I was lucky to have picked a week when there was loads of theatre on with both the imagineNATIVE and Weesageechak festival unfolding as well as related events like a concert by the legendary Buffy Sainte-Marie. All this, and a couple of days of brilliant sunshine, added up to a great impression. In keeping with my attempt to wane my use of Facebook (and to keep ownership of my pictures) I share some of these impressions here.
For an enhanced blog experience I include a little story, which can be ignored or read as you please. It could well be called “The Scientist and the Sword”.
Before World War II, a famous German scientist involved in military research came to Japan. When he returned to Germany, he took with him several Japanese swords and entrusted them for scientific analysis to an institute specializing in research and development of high technology steel. The scientist was an admirer of Japanese swords, held them in high respect, and knew of their superiority when compared with European swords.
The stark simplicity of the Japanese sword belies its many fine qualities: the extraordinary attention paid to details on the blade and hilt, the sharp, clear feeling of the cut, the soft touch in the hands as the shock of contact is naturally dissipated and the rarity of damage to the hardened cutting edge, the whole being made resilient by a core of softer steel.

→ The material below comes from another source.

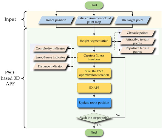In this section, firstly, the basic forms of attractive and repulsive potential field calculation for the 3D APF are illustrated, and the corresponding potential fields are calculated. Then, the parameters to be optimized in the 3D APF are illustrated. Finally, the fitness function, each indicator, and the proposed terrain complexity and improved path smoothness calculation method are introduced. The framework of the designed PSO-based 3D APF is shown in Figure 3.

He was aware of these qualities, but something bothered him: the air of mysticism that enshrouded the traditional method of forging the steel blade, for the swordsmith, dressed all in white to symbolize purification, does his work before a Shinto altar. This seemed to him very, very primitive, and he also had a low opinion of the sacred awe with with the Japanese regard the sword. He wanted to penetrate the mystery and unravel the secrets, but no matter how earnestly he requested it, he was never permitted to watch the swordsmith at work.

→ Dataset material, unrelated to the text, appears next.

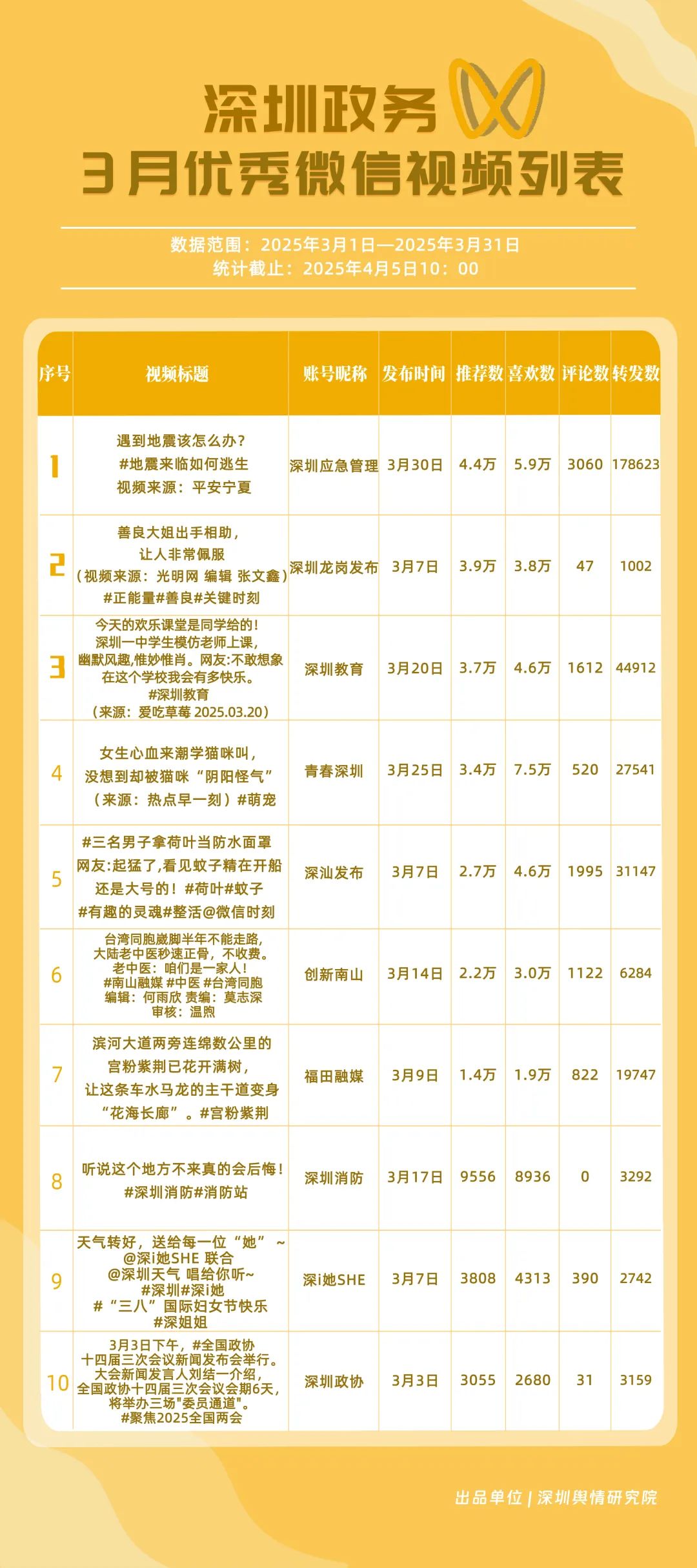 3月,獲“深圳優(yōu)秀政務(wù)微信視頻號(hào)”稱號(hào)的分別是“深圳應(yīng)急管理”“深圳教育”“深汕發(fā)布”“青春深圳”“創(chuàng)新南山”“福田融媒”“深圳龍崗發(fā)布”“深圳光明”“文旅深圳”“深圳天氣”。其中,“深圳應(yīng)急管理”以20余篇作品收獲超20萬(wàn)次轉(zhuǎn)發(fā),躍居第一名,一期有關(guān)“地震來(lái)臨如何逃生”的視頻收獲超17萬(wàn)次轉(zhuǎn)發(fā),展現(xiàn)了其內(nèi)容的高實(shí)用性。“深圳教育”“深汕發(fā)布”位于榜單第二、三位,總分超90分,反映出兩賬號(hào)在民生教育、區(qū)域宣傳領(lǐng)域擁有較好傳播效果。“青春深圳”“創(chuàng)新南山”“福田融媒”等賬號(hào)也在3月發(fā)布優(yōu)質(zhì)視頻內(nèi)容,展現(xiàn)了深圳政務(wù)新媒體在視頻號(hào)平臺(tái)宣傳的創(chuàng)新探索。

Thus it was that he decided to have a scientific analysis made of the materials and the method of production. With the scientific data gathered in the laboratory at hand, he thought he would reconstruct the sword using the most recent technology available at the time. As a German with absolute confidence in the efficacy of science, he must have been convinced that an exact replica of the Japanese sword could be manufactured, and he may have imagined that he could show up the old-fashioned, esoteric techniques of the swordsmith.
The outcome was utter failure. Collecting scientific data posed no problem, of course, but when he actually tried to make a sword, the result was just another commonplace sword. His use of scientific know-how, even with repeated experimentation and modification of the production method, ended in disappointment. Finally, he was forced to give up his attempt and acknowledge the superiority of the “old-fashioned, esoteric” method of Japanese swordmaking.

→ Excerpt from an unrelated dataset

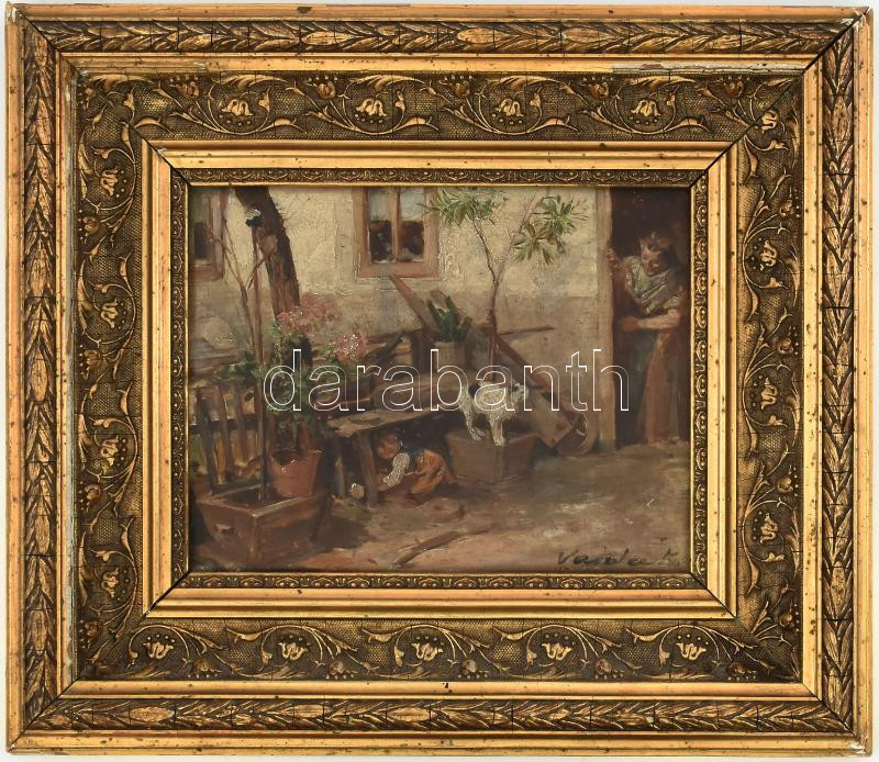 Vajda Zsigmond (1860-1931): Kisgyerek és cica az udvaron. Olaj, fatábla, jelzett. Dekoratív, kissé sérült fakeretben, 16×21 cm / oil wood, signed, framed

This episode suggests that even though traditional Japanese craftsmanship can be subjected to modern, scientific analysis, there will always remain an element or ingredient that escapes conventional scrutiny or analysis. In traditional technology much of the achievement is due to intuitive quality, known as the working of kan, and this can be acquired only through the accumulation of years of training. For kan-intuition to work, one must experience a creative tension stemming from single-minded concentration on the work in progress. This opens the way for a higher power, kami in Japanese, to enter into the process. Much of the success depends on becoming filled with divine consciousness or kami. The Japanese craftsman in making a single sword relies on kan both to select the proper materials and to combine them in the precise way transmitted in his family. It is not too much to say that the entire process of firing, forging and cooling is dependent on the elusive work of kan.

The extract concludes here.